In the next set of experiments we test the performance of Algorithm 5 where we split the data matrix across the columns. In this case we have a large number of variables and a moderate number of data samples. The data are generated similarly to the case with row splitting. Here, we set \(N=2{,}000\) and \(P=200{,}000\). In this model we split the matrix across the columns into M subset, we let \(M\in \{1,2, 4, 8, 16, 32, 64\}\). We choose the nonconvex M-LSP sparsity promoting function with \(\gamma =150\), and then compute the first sparse loading vector. The results are summarized in Table 8. The required time is plotted in Fig. 3.

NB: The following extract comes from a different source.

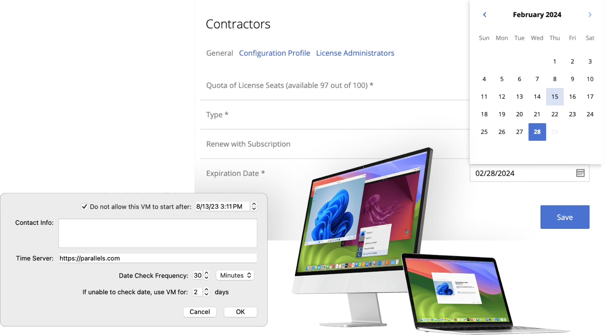 WindowsのアプリケーションをDockに追加し、Jamf、lntune、Kandji、Mosyle、Munki、およびその他のMacの管理ツールを使用してシングルアプリケーションモードを実現できます。自動的に生成されるParallels Desktopのダウンロードリンクが併記されたメールにより、わずか数クリックで新規ユーザーを登録できます。インストールはすべて自動的にアクティベートされます。簡単なセットアップ

Table 8 Performance of Algorithm 5
Fig. 3
figure 3

Time needed versus number of nodes for Algorithm 5. Overall time counts the time needed for all steps (S1–S8) in Algorithm 5 to reach the stopping criteria. Loading Time counts the time to load data matrix into the nodes (S1). Cov Calculation Time measures the time for calculating covariance matrix (S2), and 100 Iterations Time is the time needed for solving subproblems (S3–S8) only during 100 iterations

Here are some remarks about the behavior of Algorithm 5:

  1. X1)

    Similar to the Algorithm 4, step S1, and step S2 are performed completely in a distributed manner. Therefore, the time consumed by these two steps decrease significantly by increasing the number of nodes in MPI cluster.

  2. X2)

    Unlike the Algorithm 4, in Algorithm 5 the computational time in steps S3–S8 decreases as the number of nodes increases (except when \(M=64\), for which the reason will be explained in the next remark). The reason is that when splitting the columns, each node deals with a subvector of the original long loading vectors. Therefore, as the number of nodes increases, the computational burden will be shared among all nodes.

  3. X3)

    As we explained in remark (X1), the computational time required to perform steps S3–S8 includes communication time between the nodes. Therefore, when M is too large (\(M=64\) in Table 8) the disadvantages of the increased communication time outweighs the advantages of parallellization.

  4. X4)

    Similar to the Algorithms 4, 5 is also faster on the sparse matrix than on the dense matrix.

7 Conclusion

In this paper we propose an ADMM based algorithm which deals with popular nonconvex and nonsmooth optimization problems. We provided a rigorous convergence analysis for the proposed algorithm, which shows the algorithm converges to the set of stationary solutions under certain condition on the penalty parameter. Finally extensive numerical results are provided to showcase the theoretical achievements in this paper.